Module 6 : BERTRAND RUSSELL

Presentation - 15

 

Considering the first puzzle, a question arises, i.e. how can the non-entity become the subject of a sentence?

In a context where there is no difference between A and B, the phrase 'the difference between A and B' stands for no entity (object). The puzzle involved with regard to this phrase is this. Does the difference between A and B really exist? If we say "Yes", it amounts to ascribing reality to something which is not really there. If we say "No", we are putting an unreal something as the subject of a meaningful sentence when we assert that 'the difference between A and B does not exist'. Now, how does Russell's theory of denoting solve this puzzle? Russell claims that the denoting phrase 'the difference between A and B' is a definite description distinguished from names. A name must stand for some real object when it is a genuine subject of a meaningful sentence, a description need not stand for an object.

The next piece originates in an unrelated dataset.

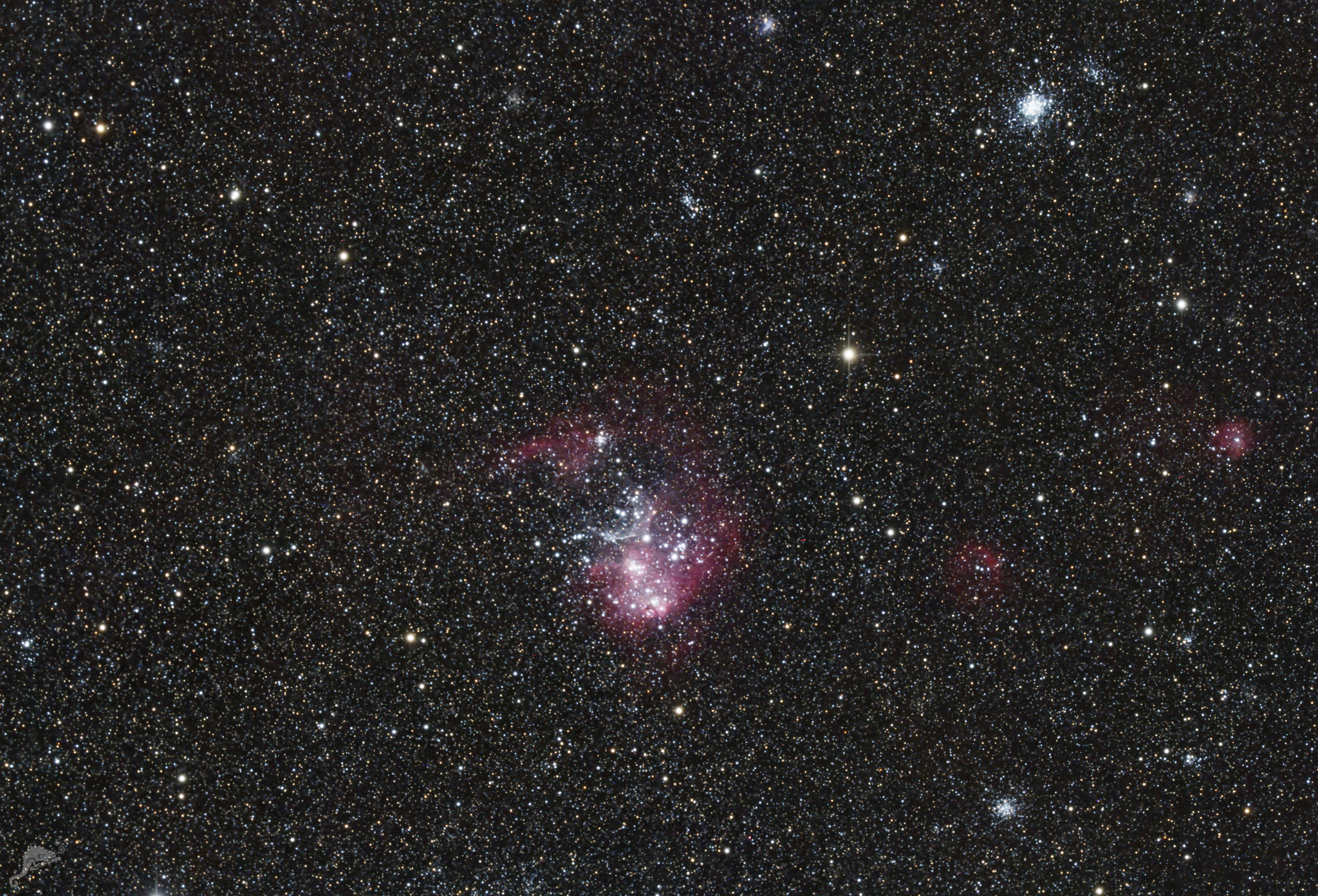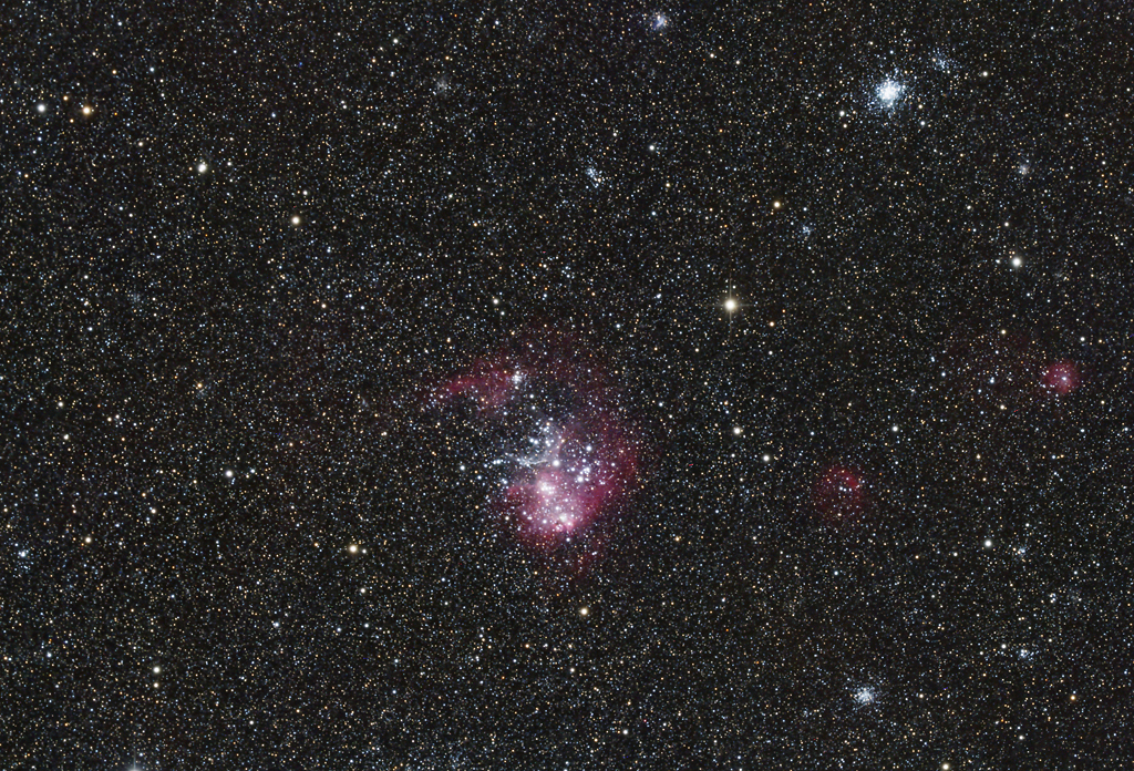 | Objektbeschreibung: NGC 2074 und NGC 2081 - in der Bildmitte liegt der helle Emissionsnebel NGC 1770, ein Teilbereich in der großen Magellanschen Wolke. Eingebettet in die H-II Region liegt ein großer, heller offener Sternhaufen. NGC 1755 - am oberen rechten Bildrand - ist ein außergewöhnliches Objekt. Klassifiziert als offener Sternhaufen mit sehr jungen Sternen erscheint er auf Grund seiner Konzentration fast wie ein Kugelsternhaufen. Und so wird er auch als so genannter "blauer Kugelsternhaufen" bezeichnet - eine Objektklasse, die es in unserer Milchstraße nicht gibt. Die Kugelsternhaufen in unserer Galaxie enthalten die ältesten Sterne, die wir kennen. In der Magellanschen Wolke bilden jedoch sehr junge, heiße und blaue Sterne solche kugelförmige Objektklasse. Im Jahr 2021 wurde der Sternhaufen mit dem Hubble Weltraumteleskop ausführlich untersucht. |

The puzzle is created by not distinguishing the description from a name. Once this distinction is taken into account, the sentence 'the difference between A and B does not exist' can be analyzed and proved to be a meaningful sentence without ascribing reality to unreals.

If we examine the second sentence "There is no such thing as unicorn", we shall find it does not refer to anything and thereby has no referent. It is so because a concept exists about 'unicorn', but in reality it has no existence. Russell argues that we can imagine the unicorn and therefore we cannot refute our imagination. So 'imagination' is a possible phenomenon. When we imagine, we imagine something thus we cannot imagine nothing and it is not possible to imagine in a vacuum. Imagining something means, some being or something, meaning thereby a referent. Thus, a sentence acquires the meaning by virtue by its referent- it may be a concept or an object. In this sense, Russell expresses that "we must have a robust sense of reality"1.


1  See Russell, B. (1993). Descriptions. in A.W. Moore (Ed.), Meaning and Reference (pp. 46-55). London: Oxford University Press.